Control_Typical_Block
This post describes the basic contents of automatic control theory.
1 Typical Components
The so-called component is the classification of original components with the same form transfer function. These transfer functions are the most classical and typical of control systems.
1.1 Proportional Component
Transfer function $$ G(s) = K $$
This system is to multiply the input by a constant K and then output, so it is called the proportional component. A typical proportional component is a potentiometer, which has a corresponding proportional output according to the position of the resistance pointer.

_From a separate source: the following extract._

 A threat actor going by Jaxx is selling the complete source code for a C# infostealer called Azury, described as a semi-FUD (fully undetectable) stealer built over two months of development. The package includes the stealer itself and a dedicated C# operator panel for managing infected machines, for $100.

1.2 Differential Component
Transfer function $$ G(s) = s $$
It is not difficult to find that this is the Laplace transform differential theorem. Multiplying the input by s is the differential in the time domain.
1.3 Integral Component
Transfer function $$ G(s) = \frac{1}{s} $$
This is also the integral theorem of Laplace transform. Dividing the input by s is the integral in the time domain.
1.4 Inertia Component
Transfer function $$ G(s) = \frac{1}{Ts+1} $$
This function actually describes a process of slow disappearance. We write its time-domain function. $$ h(t) = \frac{1}{T}e^{-\frac{t}{T}} $$
With the increase of time, the function value decreases exponentially, just like it keeps a distance due to inertia, and finally disappears. Where $T$ is the time constant, which determines the decay speed of the system.
1.5 Sscillation Component
Transfer function $$ G(s) = \frac{1}{T^2s^2+2\xi Ts+1} $$
The function describes a state of oscillation, which will be described in detail in the second-order system response analysis later.

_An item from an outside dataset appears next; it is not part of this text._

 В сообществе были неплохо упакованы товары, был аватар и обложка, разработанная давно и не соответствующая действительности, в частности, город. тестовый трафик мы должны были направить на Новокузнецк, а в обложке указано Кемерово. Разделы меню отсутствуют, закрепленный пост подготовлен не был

1.6 First-order Composite Differential Component
Transfer function $$ \tau s+1 $$
1.7 Second-order Composite Differential Component
Transfer function $$ \tau^2s^2+2\xi \tau s+1 $$
1.8 Summary
Any transfer function can be regarded as a combination of typical components, which can form a variety of systems.
2 Load Effect Problem
Now consider that two circuits are connected together, and the first stage circuit inputs $u_r$, output $u_a$, second stage circuit input $u_a$, output $u_c$。 However, we all know that if two circuits are simply coupled, the second stage circuit will actually affect the first stage circuit, which is called load effect. When the load is connected to the system, the system may not have a simple input-output relationship.
3 System Block Diagram
One way to describe the control system is to use the block diagram, in which the flow direction of the signal is represented by the directed line segment, the system module is represented by the box, and the adder is represented by the circle. The block diagram indicates the flow of signals and the processing of signals by various parts.
With the block diagram of the system, the next step is to solve the transfer function of the whole system.
4 Transfer Function Solution
4.1 Digestion Coefficient Method
Write all the signals in the block diagram, write the relationship between the input and output of the module according to the signal processing, and then eliminate all the intermediate variables to obtain the relationship between the final output and the input. This method is the simplest, but it is not easy when the system becomes very complex.
4.2 Equivalent Transformation Method
There are many equivalent transformation rules in the structure diagram. Flexible use of them can find out the transfer function of the system. This process is also called simplification.
4.2.1 Feedback equivalence
The forward module of the system is $G(s)$, the feedback module is $H(s)$, and the system is equivalent to
$$ \frac{G(s)}{1+G(s)H(s)} $$
4.2.2 Series equivalence
System $G_1(s)$ and $G_2(s)$ in series, equivalent to
$$ G_1(s)\cdot G_2(s) $$
4.2.3 Parallel equivalence
System $G_1(s)$ and $G_1(s)$ parallel connection, equivalent to
$$ G_1(s)+G_2(s) $$
4.3.4 Comparison point forward
The adder is also called a comparator because it subtracts two input signals (signal 1 plus negative signal 2)
The comparison point is after $G(s)$, which is equivalent to that the signal will pass through $G(s)$ after the forward shift without passing $G(s)$. At this time, it needs to be multiplied by the inverse system $\frac{1}{G(s)}$.
4.3.5 Comparison point backward
On the other hand, the comparison point was originally in front of $G(s)$, which is equivalent to passing $G(s)$. After moving back, it did not pass $G(s)$, so you need to add a $G(s)$.
4.3.6 Lead out point forward
If the lead out point is behind the system, the original signal has passed through the system. If it is moved to the front, it is equivalent to being led out without passing through the system, and a $G(s)$ needs to be added.
4.3.7 Lead out point backward
If the leading point is in front of the system, the original signal does not pass through the system. After moving to the back, it is equivalent to passing through the system before being led out. Therefore, it needs to be multiplied by an inverse system $\frac{1}{G(s)}$.